Using the data below, transcribe exactly everything from the line that contains "La Dirección Departamental de Escuelas Paraná Convoca" down to the line that contains "原标题:长沙河西发生一起命案 警方正全力缉捕嫌犯". Include both of those lines and none of the pictures.

_GIVEN DATA_:
/---

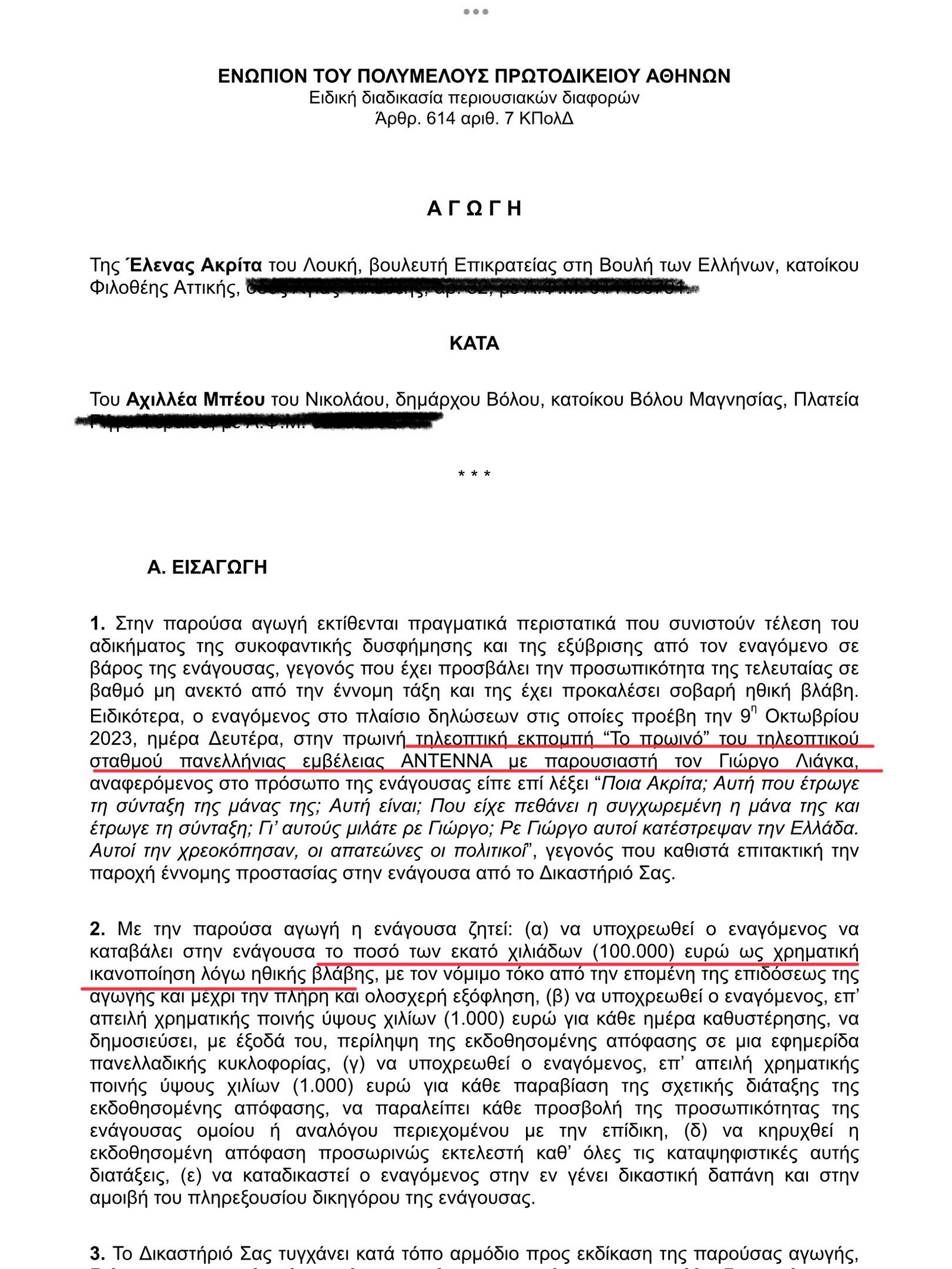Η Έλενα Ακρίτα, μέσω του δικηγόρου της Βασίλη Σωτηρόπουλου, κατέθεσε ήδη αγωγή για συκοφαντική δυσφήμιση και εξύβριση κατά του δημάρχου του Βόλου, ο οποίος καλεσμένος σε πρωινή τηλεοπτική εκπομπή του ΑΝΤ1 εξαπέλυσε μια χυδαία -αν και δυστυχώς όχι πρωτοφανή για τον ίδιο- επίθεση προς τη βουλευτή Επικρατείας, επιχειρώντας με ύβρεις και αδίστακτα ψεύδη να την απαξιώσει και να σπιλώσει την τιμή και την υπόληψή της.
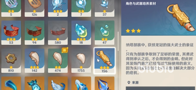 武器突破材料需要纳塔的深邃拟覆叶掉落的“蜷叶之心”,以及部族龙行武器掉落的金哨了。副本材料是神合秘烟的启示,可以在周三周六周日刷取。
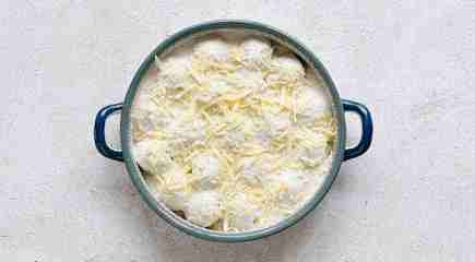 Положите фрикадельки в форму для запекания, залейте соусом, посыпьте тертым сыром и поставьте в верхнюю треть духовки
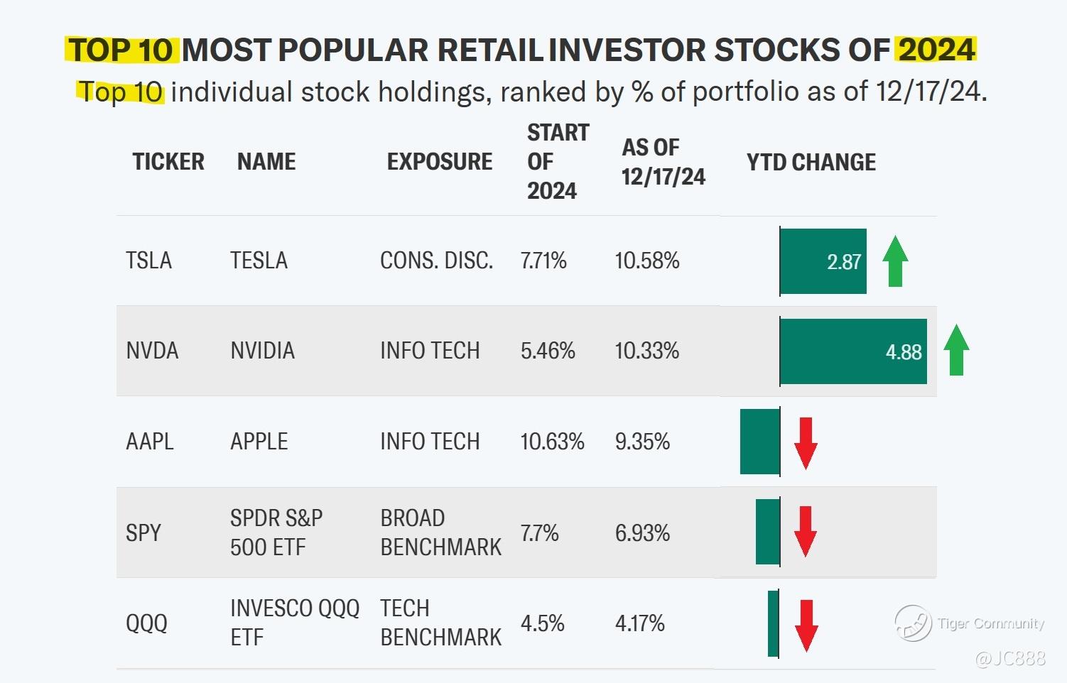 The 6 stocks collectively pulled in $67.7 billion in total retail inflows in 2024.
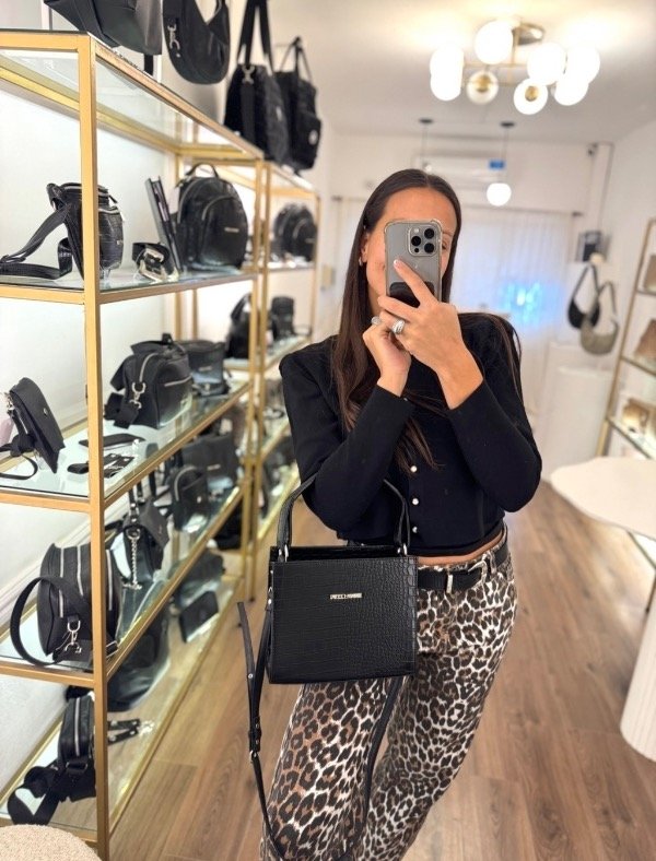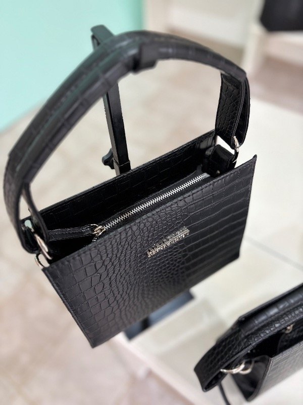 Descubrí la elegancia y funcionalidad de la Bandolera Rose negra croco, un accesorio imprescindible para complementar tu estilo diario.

\---
/---

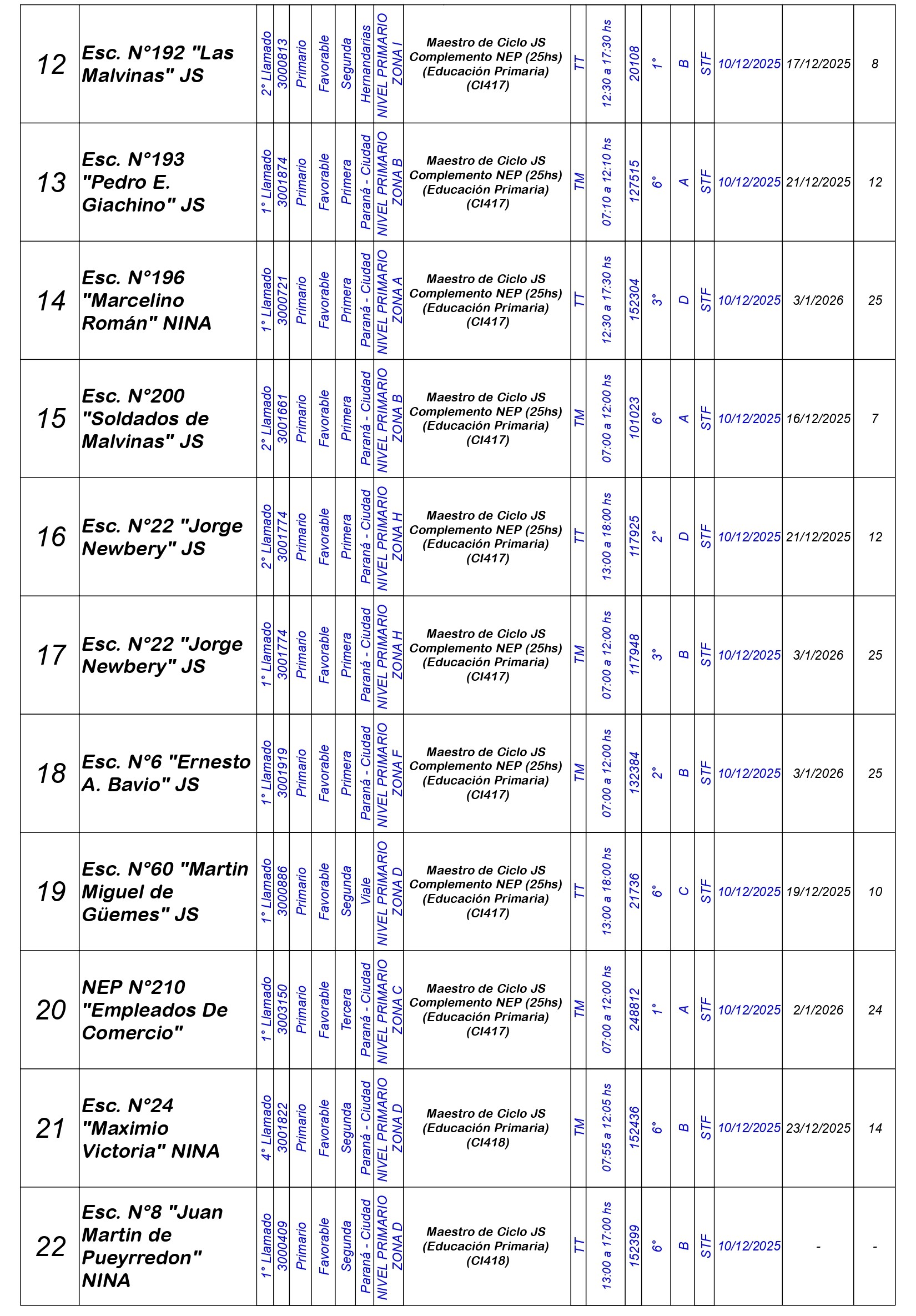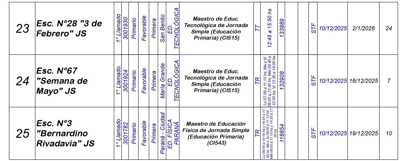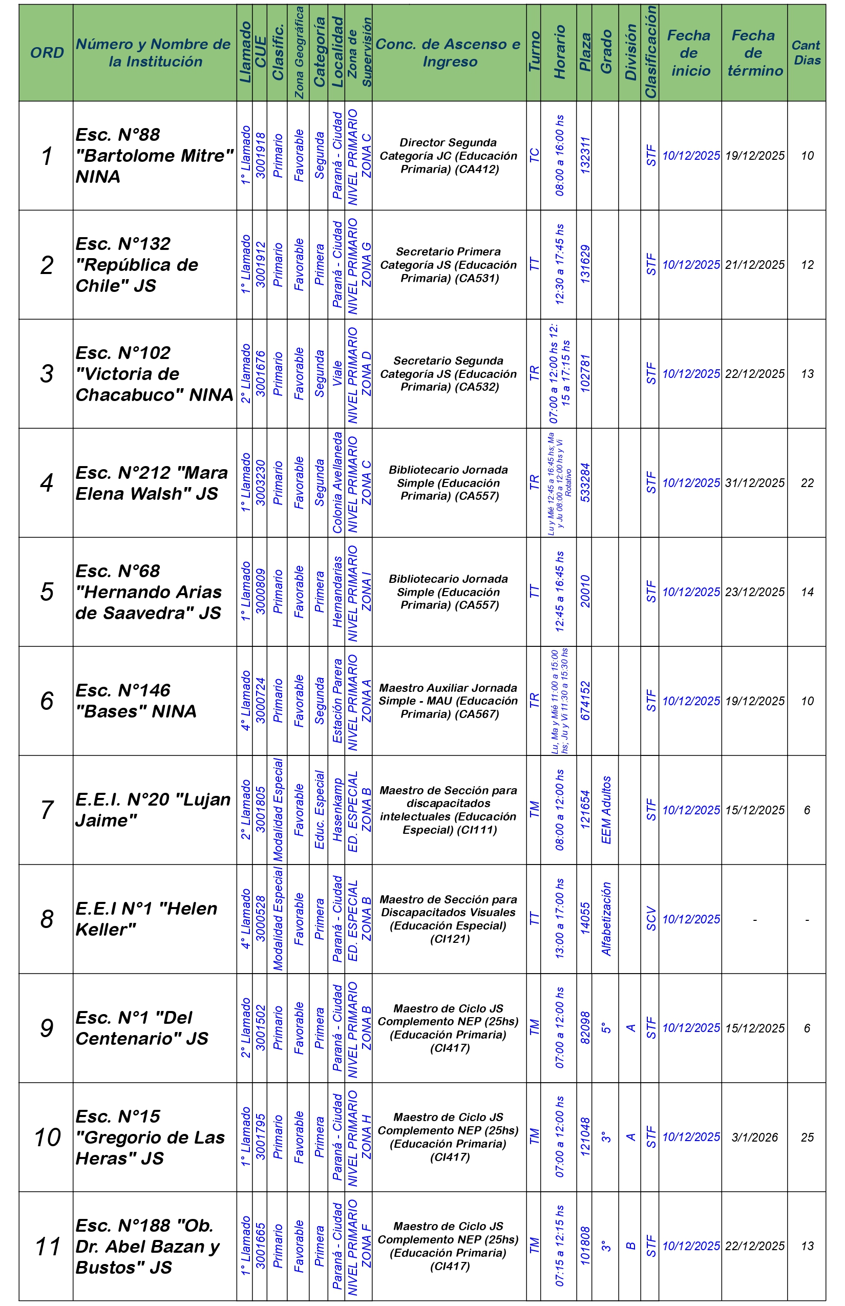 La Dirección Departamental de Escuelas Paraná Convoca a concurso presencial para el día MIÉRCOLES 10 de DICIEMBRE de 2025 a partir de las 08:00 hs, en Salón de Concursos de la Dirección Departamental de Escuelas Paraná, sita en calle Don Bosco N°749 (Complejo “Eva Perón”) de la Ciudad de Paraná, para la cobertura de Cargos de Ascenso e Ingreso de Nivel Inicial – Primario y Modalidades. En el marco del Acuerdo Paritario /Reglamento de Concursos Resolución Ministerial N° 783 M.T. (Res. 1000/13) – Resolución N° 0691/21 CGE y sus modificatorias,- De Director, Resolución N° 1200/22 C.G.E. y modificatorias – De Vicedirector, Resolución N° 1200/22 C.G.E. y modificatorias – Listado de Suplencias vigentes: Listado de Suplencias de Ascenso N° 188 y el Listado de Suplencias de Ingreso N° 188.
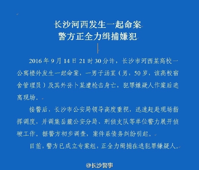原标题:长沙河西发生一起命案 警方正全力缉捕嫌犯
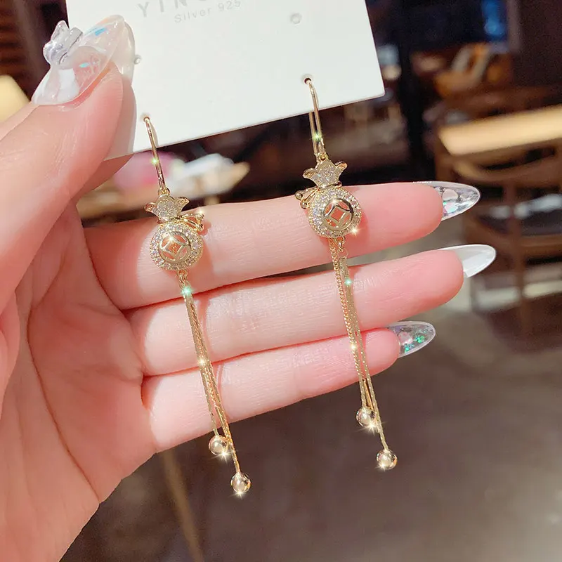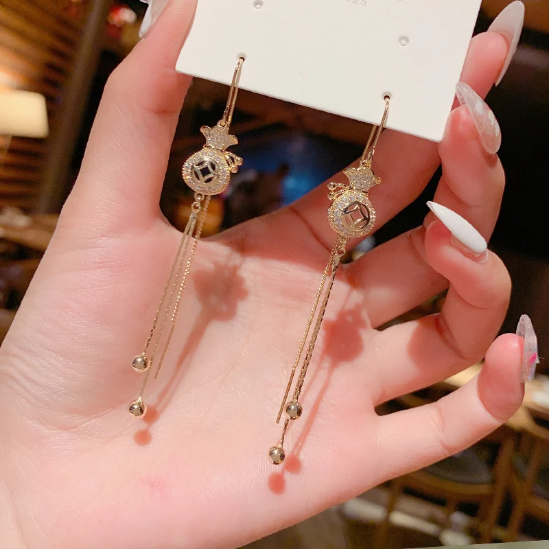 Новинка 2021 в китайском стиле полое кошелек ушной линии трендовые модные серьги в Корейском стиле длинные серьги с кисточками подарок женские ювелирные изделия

\---

_PROBLEM SOLUTION_:
 La Dirección Departamental de Escuelas Paraná Convoca a concurso presencial para el día MIÉRCOLES 10 de DICIEMBRE de 2025 a partir de las 08:00 hs, en Salón de Concursos de la Dirección Departamental de Escuelas Paraná, sita en calle Don Bosco N°749 (Complejo “Eva Perón”) de la Ciudad de Paraná, para la cobertura de Cargos de Ascenso e Ingreso de Nivel Inicial – Primario y Modalidades. En el marco del Acuerdo Paritario /Reglamento de Concursos Resolución Ministerial N° 783 M.T. (Res. 1000/13) – Resolución N° 0691/21 CGE y sus modificatorias,- De Director, Resolución N° 1200/22 C.G.E. y modificatorias – De Vicedirector, Resolución N° 1200/22 C.G.E. y modificatorias – Listado de Suplencias vigentes: Listado de Suplencias de Ascenso N° 188 y el Listado de Suplencias de Ingreso N° 188.
原标题:长沙河西发生一起命案 警方正全力缉捕嫌犯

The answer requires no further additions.